Thursday, February 22, 2018

February 22nd, 2018

Candace asked this morning if she could be with me for the operation. I don't think she understood that she wouldn't be allowed in the room. But Mom said she'd be welcome to stay with her while I was in. Since Hal was going to stop by this morning anyway I texted him and asked him to pick Candace up. And they were both able to join me when I was admitted to the hospital.

Hal couldn't stay long since he had class, but it was nice having him here. Candace looks like more of a wreck than Mom does. She's been great though, offering to get coffee or snacks or anything we need. I don't think Mom's let go of me since we got here. Even now her hand is resting on my leg.

I'm feeling stoic, I think would be the best word. I can feel my system altered without my meds, it's like I'm in a constant state of going into an attack. Not quite nauseous, more like I'm sitting in a boat on water. And to be honest, I haven't let go of Mom all day either. In many ways she's been holding me up. I know what's coming, and any fear or nervousness I should feel is gone. Now I'm just waiting for it to happen.

And that's what's happening now. It's still early in the day, we just had a small lunch.
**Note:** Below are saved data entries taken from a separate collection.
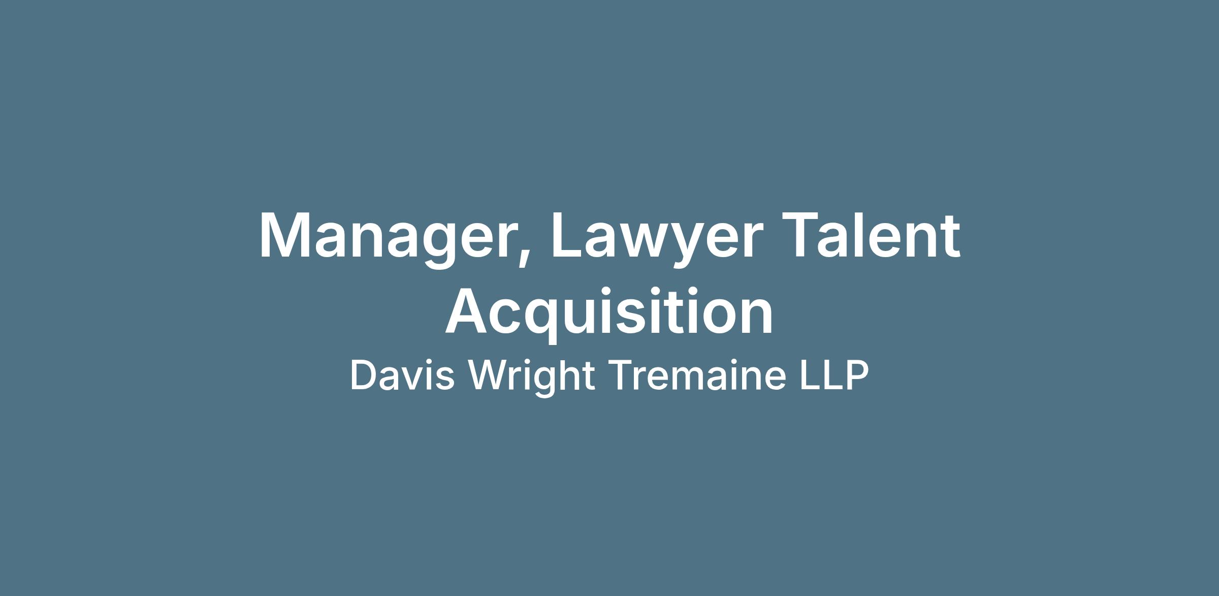 This is an exciting opportunity to work for one of the top law firms in the U.S.! Davis Wright Tremaine LLP is looking for a Manager, Lawyer Talent Acquisition to join our team in our New York or Washington D.C. offices.
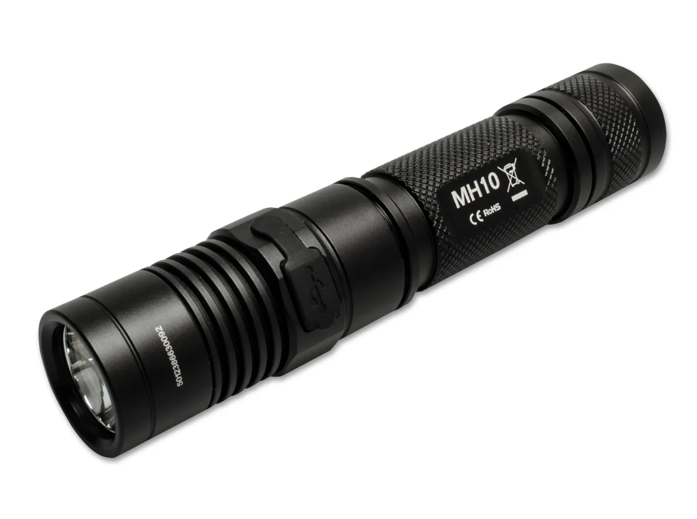 Mit der MH 10 liefert Nitecore eine kompakte Version der per USB aufladbaren MH-Serie. Mit ihren 1000 Lumen bietet die MH 10 Leistung satt bei kompakten Abmaßen, und der im Lieferumfang enthaltene Akku (Typ 18650) lässt sich mit dem mitgelieferten Standard-USB-Kabel einfach an jeder USB-Stromquelle aufladen (Handy-Ladegerät, USB-Buchse am Computer oder Notebook, USB-Buchse im Auto, Powerbank etc.). Falls keine Lademöglichkeit besteht, kann die Lampe auch mit 2 nicht aufladbaren Batterien Typ CR123 betrieben werden. Hartanodisiertes Aluminiumgehäuse, Cree XM-L2 U2-LED. Durchmesser 25,4mm. 4 Lichtstärken plus SOS, Stroboskop und Notblitz. Lieferung mit Li-Ion-Akku Typ 18650 (2300mAh), USB-Kabel, Handschlaufe, Gürteletui, Clip und Ersatzdichtung. Wasserdicht nach IPX-8.
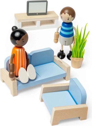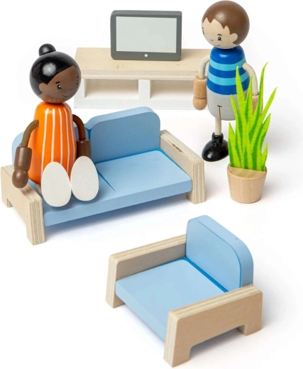 Ovaj pažljivo izrađen set pretvara svaku kućicu za lutke u pravi dom. Djeca mogu posjesti lutke na udobnu sofu, planirati posjete ili izmišljati vlastite TV emisije i obiteljske priče. Zahvaljujući kvalitetnom drvu s FSC® certifikatom, namještaj je čvrst, siguran i spreman za dugačke sate maštovite igre.

I'm just waiting for staff to come get me. So I decided to write in my journal a bit, I expect afterward I'm not going to want to do much.

Max couldn't be here, though she texted me saying she wished she could. She said she'll try to stop by later just to check in on me. Likewise, Dad has work. But he'll come over after he gets off.

Dr. Laurie just poked his head into the room to let us know they're coming.